In Central Europe, Climate Change Could Boost Truffle Cultivation by 2050

Fancy fungi grown in the Czech Republic may benefit from global warming

A black truffle in the soil. The photo shows the truffle upclose to show it's jagged texture
The tasty fungi are naturally found deep within the roots of various trees, like oaks, hazels, spruces, and pines, because of the two organisms share a symbiotic relationship. Michel Royon / Wikimedia Commons CC BY-SA 3.0

For their earthy scent and intense flavor, truffles are a frequent feature in the world’s finest dishes. Périgord truffles (Tuber melanosporum) often called “black diamonds,” are found in various parts of Europe. With one pound fetching up to 750 Euros ($907.70 U.S. dollars), black truffles are one of the most expensive fungi globally. The lucrative business has scientists researching how truffle cultivation will fare with climate change, reports Katherine Kornei for Eos.

But fear not truffle lovers, new research shows global warming may increase the number of Périgord truffles harvested by 2050 in Central Europe, according to a study published in Scientific Reports in December 2020.
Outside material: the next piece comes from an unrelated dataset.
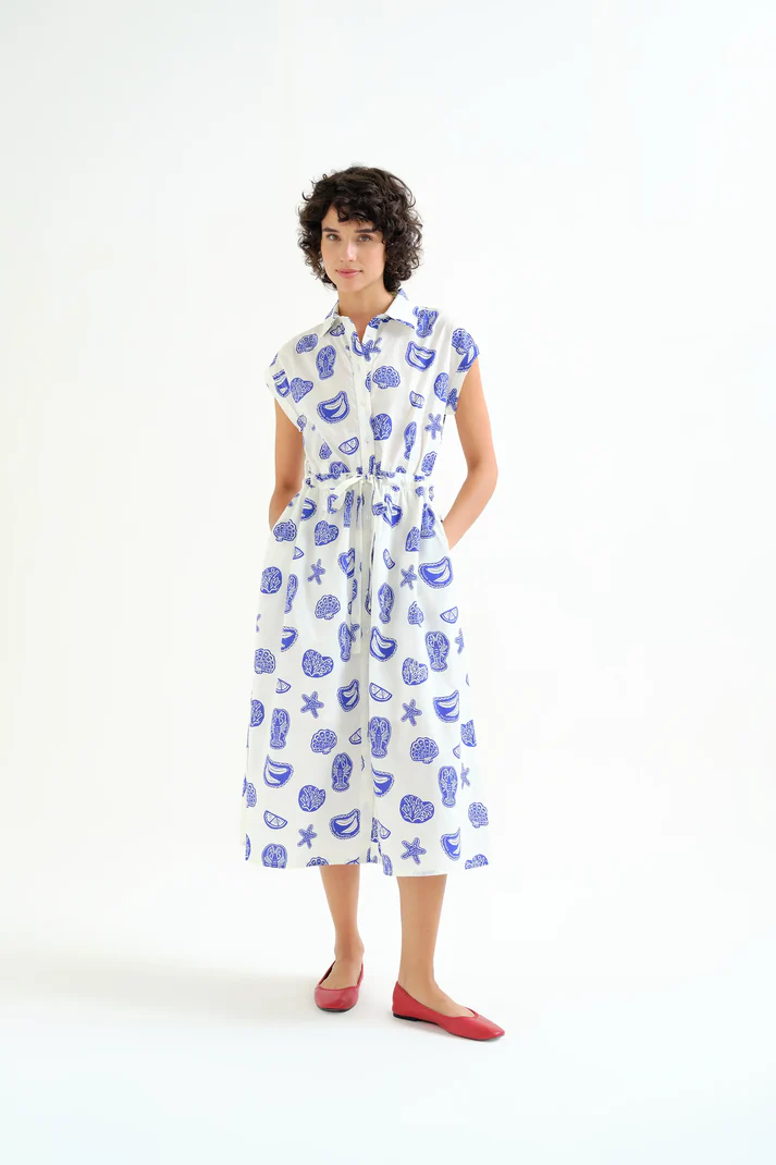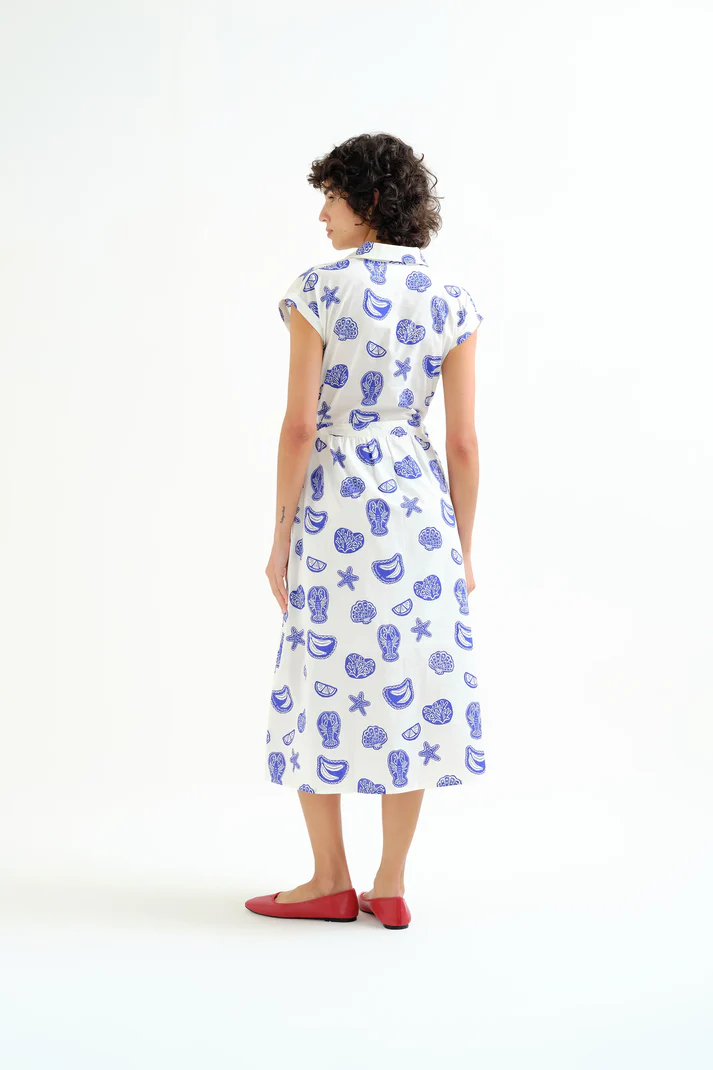 100% cotton dress with a lobster print. Lapel collar and short sleeves. White button front closure. Adjustable waist. Lined. The model is 175 cm tall and wears size S.

Truffles are finicky. They require specific conditions to grow, and some truffles, like the prized and exorbitant European white truffle, can’t be cultivated through traditional agricultural methods. Even then, truffles grown on plantations, called truffieres, need tree roots to grow. The tasty fungi are naturally found deep within the roots of various trees, like oaks, hazels, spruces, and pines, because of the two organisms share a symbiotic relationship. Truffles will take sugar and water from the roots while feeding soil nutrients back into the tree, reports Alejandra Borunda for National Geographic. Soil pH is another important factor in dictating whether truffle spores will grow into the delicacy.

Using 57 previously published studies on truffles’ best-growing conditions, Tomáš Čejka, a climate change scientist at the Global Change Research Institute of the Czech Academy of Sciences in Brno, and his team studied how warmer conditions increased the range where the truffles could thrive. Čejka and his colleagues found that truffle cultivation under future climate change conditions would be most manageable with drought-tolerant oaks.
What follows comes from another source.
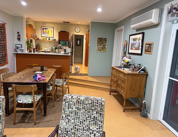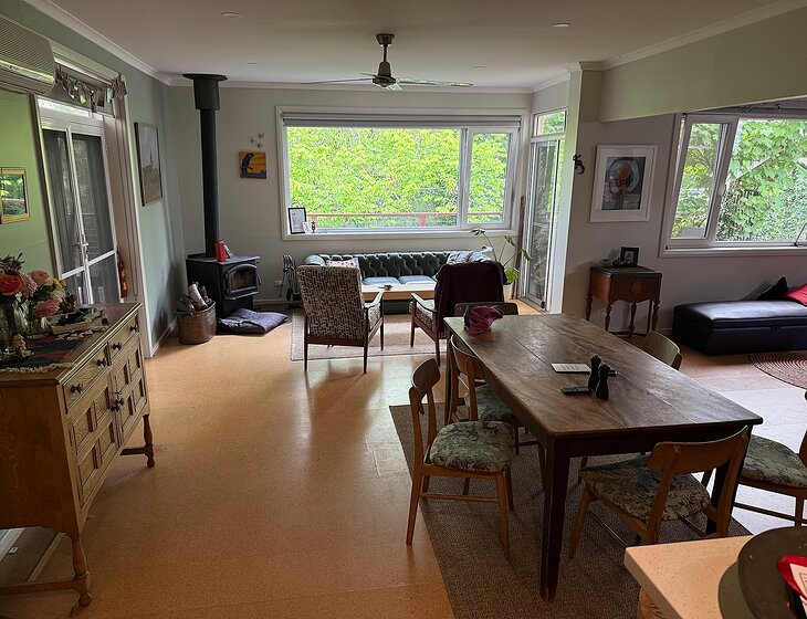 3 bedroom , 2 bathroom with large yard. 3 chickens need feed/watering/bedding change 1-2x/week. Hopefully laying some eggs! Our beloved small dog Puff is the priority. He thrives on attention and walks, happy to sleep on our bed at night but ok not to. 5 years old. Bouncy and snuggly. Used to being home alone while we work.

Founder of New World Truffieres Inc. and past president of the North American Truffling Society Charles Lefevre, tells Eos that the study's models could be used as a guide to see how climate change may affect truffle growth in other places.

But the researchers’ study was based on parameters within the Czech Republic and did not represent everywhere truffles grow in the world. In France, for example, black truffle cultivation is suffering from high heat and droughts, reports National Geographic. Before the winter harvest, summer rainfall is needed to produce truffles, and France’s pattern of drier summers is leaving truffles both in the wild and on plantations in trouble.

Lefevere hopes researchers will apply their models in the United States and Australia next. Both locations are home to growing truffle production. "Australia is already the fourth-largest producer of Périgord truffles and could potentially overtake Italy in the next few years,” he tells Eos.